Task >> Please reproduce all of the data exactly as it appears, but skip the pictures.

Task inputs >>
····················
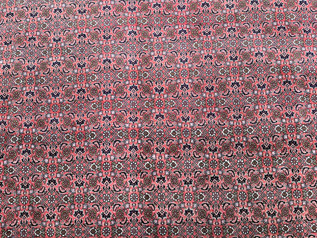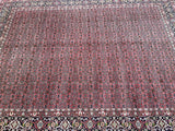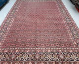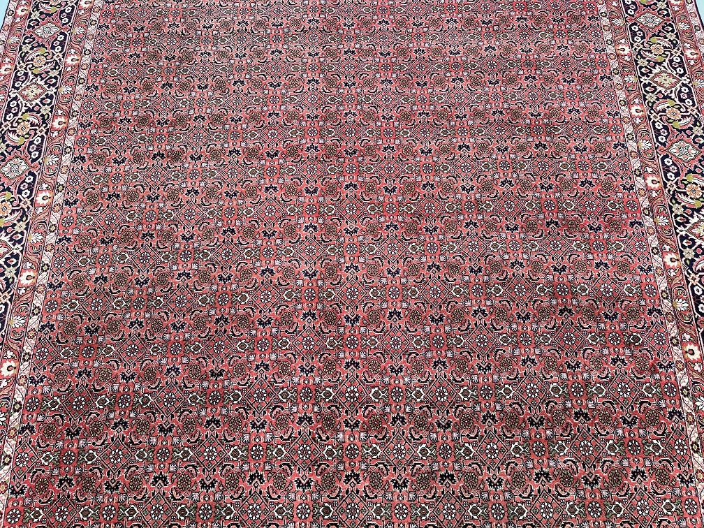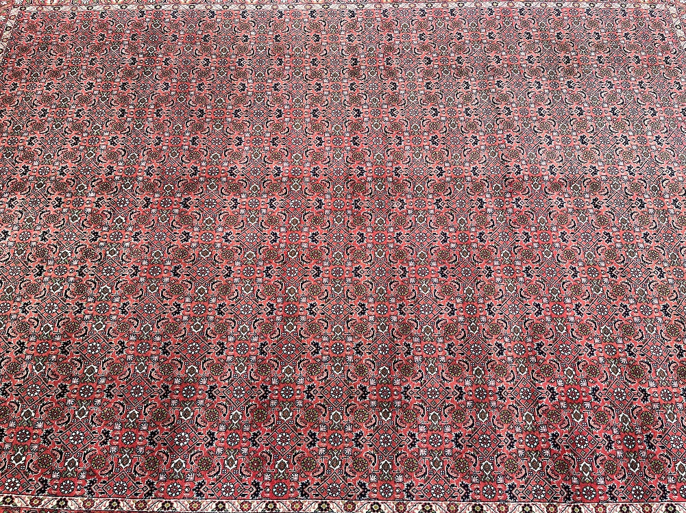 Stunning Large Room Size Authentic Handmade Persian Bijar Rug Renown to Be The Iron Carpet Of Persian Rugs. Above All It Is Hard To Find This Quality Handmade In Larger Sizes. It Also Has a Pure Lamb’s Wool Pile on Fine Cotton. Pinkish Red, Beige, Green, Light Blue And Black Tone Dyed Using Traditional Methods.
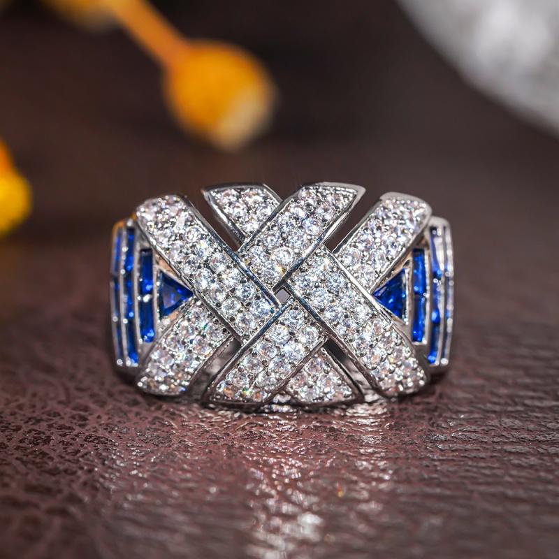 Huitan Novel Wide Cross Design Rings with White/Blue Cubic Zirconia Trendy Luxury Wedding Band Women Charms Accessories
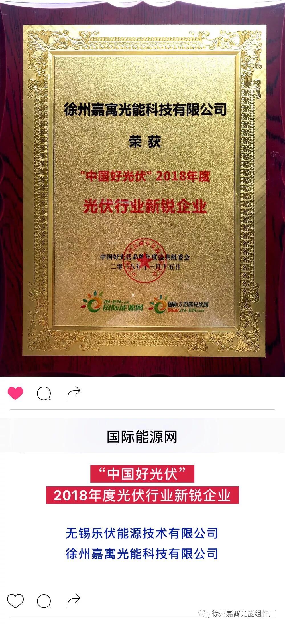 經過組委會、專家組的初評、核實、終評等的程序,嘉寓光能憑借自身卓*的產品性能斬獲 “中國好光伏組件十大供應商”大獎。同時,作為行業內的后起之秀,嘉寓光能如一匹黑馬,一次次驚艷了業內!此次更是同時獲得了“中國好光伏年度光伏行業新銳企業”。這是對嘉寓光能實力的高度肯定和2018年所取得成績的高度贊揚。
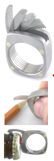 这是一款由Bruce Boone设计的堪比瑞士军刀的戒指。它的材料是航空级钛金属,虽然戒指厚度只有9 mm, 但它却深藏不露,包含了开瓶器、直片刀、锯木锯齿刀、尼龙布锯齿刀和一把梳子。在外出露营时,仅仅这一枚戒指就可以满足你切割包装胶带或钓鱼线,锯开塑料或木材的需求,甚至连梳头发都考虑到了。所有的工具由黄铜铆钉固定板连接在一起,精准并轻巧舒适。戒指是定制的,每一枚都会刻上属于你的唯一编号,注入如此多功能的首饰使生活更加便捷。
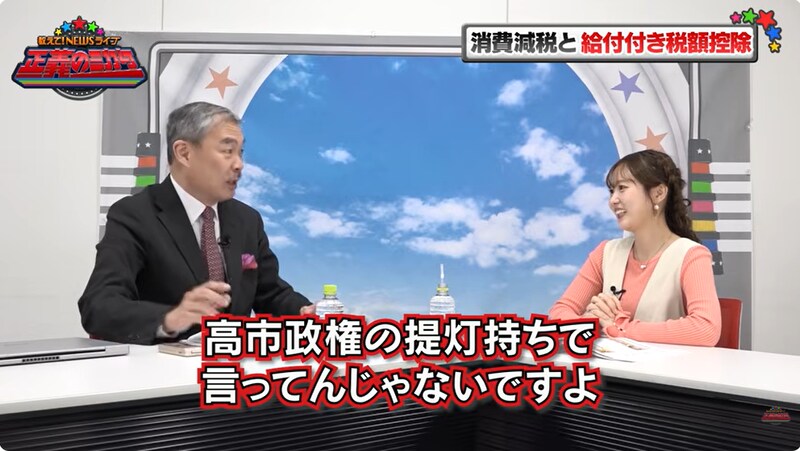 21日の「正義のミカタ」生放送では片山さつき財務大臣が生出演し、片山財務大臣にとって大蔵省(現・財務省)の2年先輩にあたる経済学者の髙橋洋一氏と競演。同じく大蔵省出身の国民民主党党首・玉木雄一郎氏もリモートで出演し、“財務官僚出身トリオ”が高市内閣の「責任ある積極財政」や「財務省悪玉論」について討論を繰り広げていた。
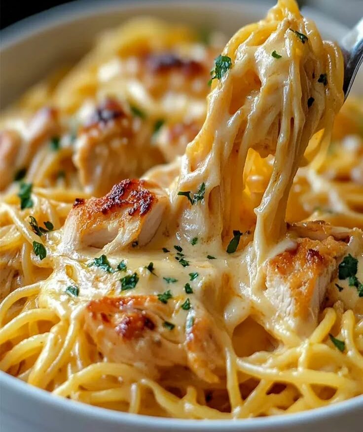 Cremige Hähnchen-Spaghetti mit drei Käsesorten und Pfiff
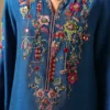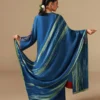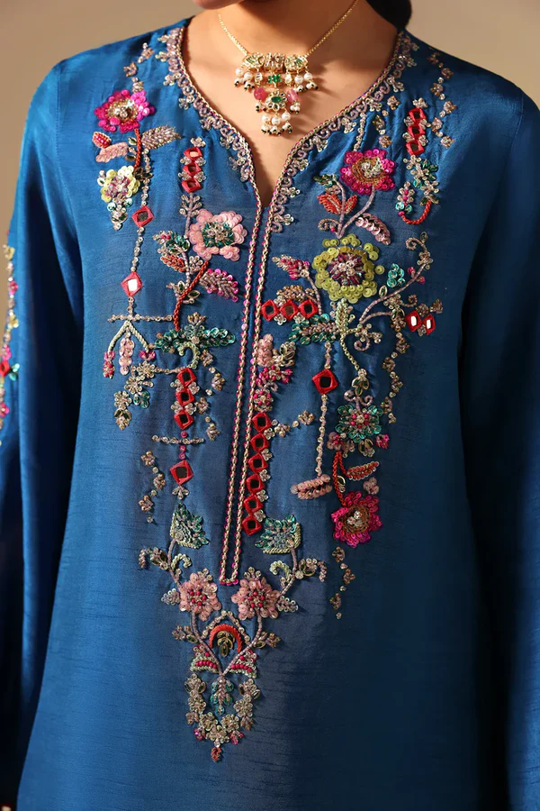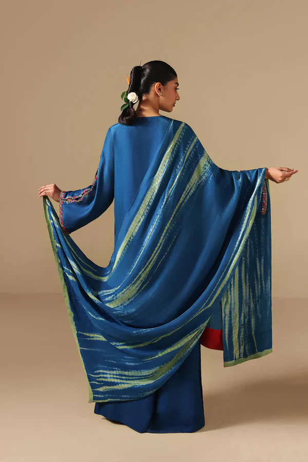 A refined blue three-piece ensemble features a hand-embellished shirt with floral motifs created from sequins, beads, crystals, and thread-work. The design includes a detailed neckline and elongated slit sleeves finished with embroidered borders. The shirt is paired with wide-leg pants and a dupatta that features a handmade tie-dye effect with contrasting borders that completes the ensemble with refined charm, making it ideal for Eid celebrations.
····················
Output >>
 Stunning Large Room Size Authentic Handmade Persian Bijar Rug Renown to Be The Iron Carpet Of Persian Rugs. Above All It Is Hard To Find This Quality Handmade In Larger Sizes. It Also Has a Pure Lamb’s Wool Pile on Fine Cotton. Pinkish Red, Beige, Green, Light Blue And Black Tone Dyed Using Traditional Methods.
 Huitan Novel Wide Cross Design Rings with White/Blue Cubic Zirconia Trendy Luxury Wedding Band Women Charms Accessories
 經過組委會、專家組的初評、核實、終評等的程序,嘉寓光能憑借自身卓*的產品性能斬獲 “中國好光伏組件十大供應商”大獎。同時,作為行業內的后起之秀,嘉寓光能如一匹黑馬,一次次驚艷了業內!此次更是同時獲得了“中國好光伏年度光伏行業新銳企業”。這是對嘉寓光能實力的高度肯定和2018年所取得成績的高度贊揚。
 这是一款由Bruce Boone设计的堪比瑞士军刀的戒指。它的材料是航空级钛金属,虽然戒指厚度只有9 mm, 但它却深藏不露,包含了开瓶器、直片刀、锯木锯齿刀、尼龙布锯齿刀和一把梳子。在外出露营时,仅仅这一枚戒指就可以满足你切割包装胶带或钓鱼线,锯开塑料或木材的需求,甚至连梳头发都考虑到了。所有的工具由黄铜铆钉固定板连接在一起,精准并轻巧舒适。戒指是定制的,每一枚都会刻上属于你的唯一编号,注入如此多功能的首饰使生活更加便捷。
 21日の「正義のミカタ」生放送では片山さつき財務大臣が生出演し、片山財務大臣にとって大蔵省(現・財務省)の2年先輩にあたる経済学者の髙橋洋一氏と競演。同じく大蔵省出身の国民民主党党首・玉木雄一郎氏もリモートで出演し、“財務官僚出身トリオ”が高市内閣の「責任ある積極財政」や「財務省悪玉論」について討論を繰り広げていた。
 Cremige Hähnchen-Spaghetti mit drei Käsesorten und Pfiff
 A refined blue three-piece ensemble features a hand-embellished shirt with floral motifs created from sequins, beads, crystals, and thread-work. The design includes a detailed neckline and elongated slit sleeves finished with embroidered borders. The shirt is paired with wide-leg pants and a dupatta that features a handmade tie-dye effect with contrasting borders that completes the ensemble with refined charm, making it ideal for Eid celebrations.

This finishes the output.